Yes Noorul, my procedure is to reset error count of any device.


Archunan
Regards
Archie
John Gillings
Honored Contributor

Re: CPU error

Noorul,

If this system is life critical, I'd recommend you log a hardware service case immediately and have an engineer analyze your error log.

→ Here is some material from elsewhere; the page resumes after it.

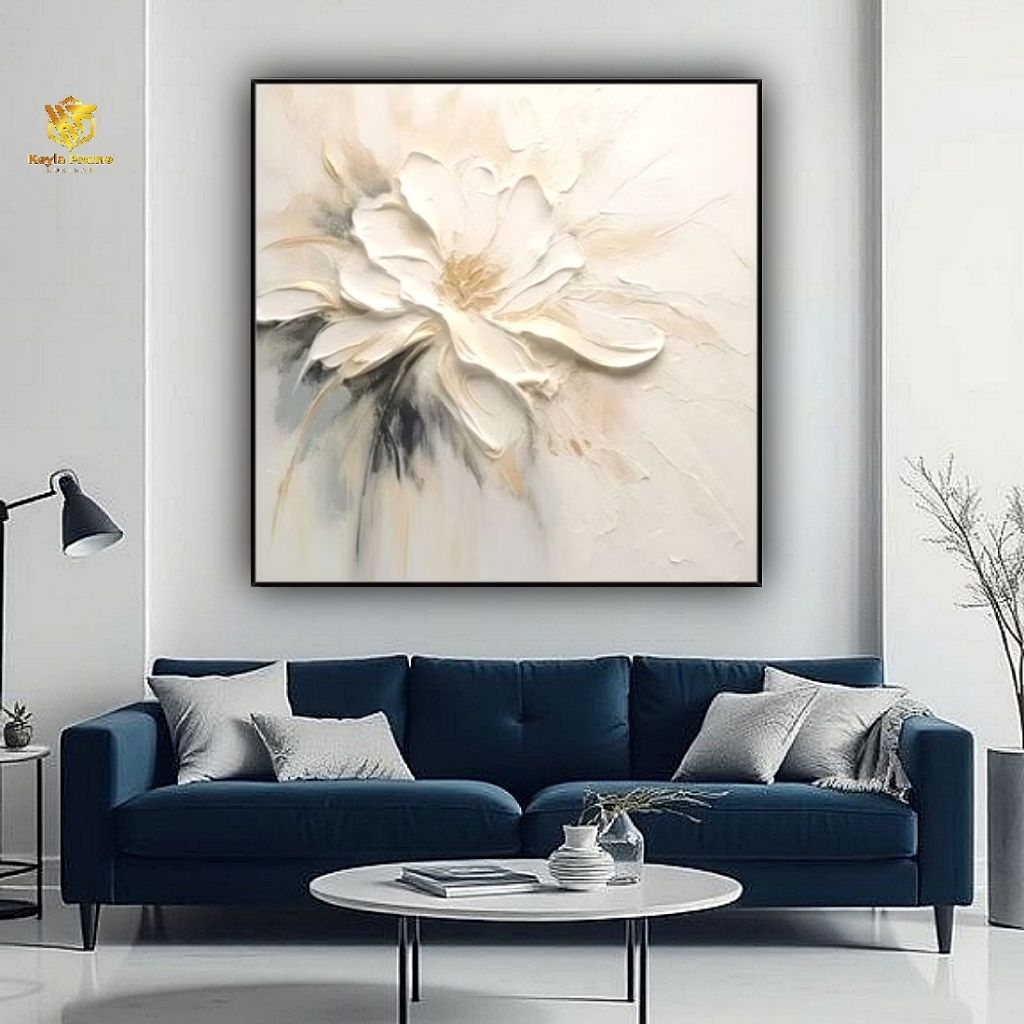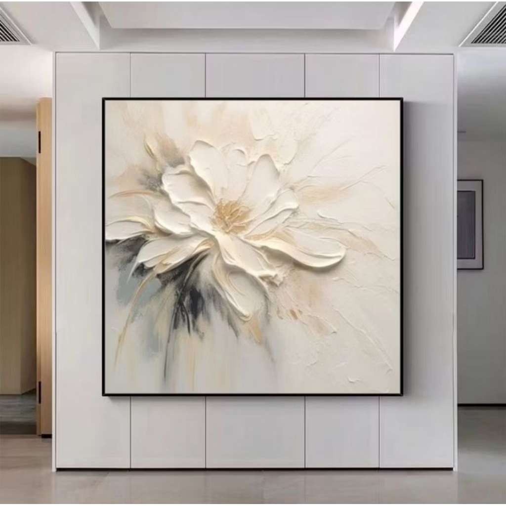 Lukisan Kanvas Abstrak Bunga Putih Teksture Minimalis Art Modern Wall Decor Ruang Tamu - Hand Painted Premium - Frame Minimalis - Dekorasi Kantor & Hotel - Custom Tema - Home Decor - Dekorasi Dinding
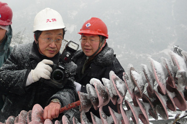 2008年1月28日,孙仁贵冒着冰雪爬山采访庐山区供电公司抢修电网主塔。(燕 平 摄)

If the system isn't that critical, I'd tend to keep an eye on the errors, if it increases within (say) one week, then log a case.

You could also install WEBES and/or ISEE. One of its purposes is to gather statistics on hardware errors to determine what needs immediate attention. If configured for it, ISEE is capable of logging a service case automatically if a serious enough hardware error is detected.

Talk to your local customer support centre for more details.
A crucible of informative mistakes
Richard White_5
Advisor

Re: CPU error

Good Morning Noorul...
Don't know if you have had a chance yet to invoke the $anal/err/includ=cpu command that Ian had mentioned, but you might want to modify to $anal/err/incl=(cpu, mach)/sin=xx. The Vax systems will report a majority of their "machine-checks" as cpu errors. If the Machine-Check occurred in user/supervisor mode, then the system "typically" will NOT crash with a Fatal Bugcheck, but instead just Log the Error to Event-Logger. If the machine-check is due to cache-parity-error, while in user-mode, and the threshold limit is exceeded, the system will disable the cache, which will affect performance. As Mr. Gillings pointed out, if you have the opportunity, you may wish to install Webes or ISEE, which may supply more info. It would appear that currently, the system has NOT suffered a serious error in Exec/Kernel mode, but you may be on "borrowed-time", so you may wish to schedule a Service-Call.
Thanx,
r_white
Lawrence Czlapinski
Trusted Contributor

Re: CPU error

OT - Archunan: For devices, starting with VMS Alpha 7.3-2, you can reset device counts with SET DEVICE/RESET commands. This can be useful if a device has been replaced.
Lawrence
Sk Noorul  Hassan
Regular Advisor

Re: CPU error

Hi all,

The error is not increasing since the server became duty on 17/11/2005. Still, under observation. Thanks for ur suggestions.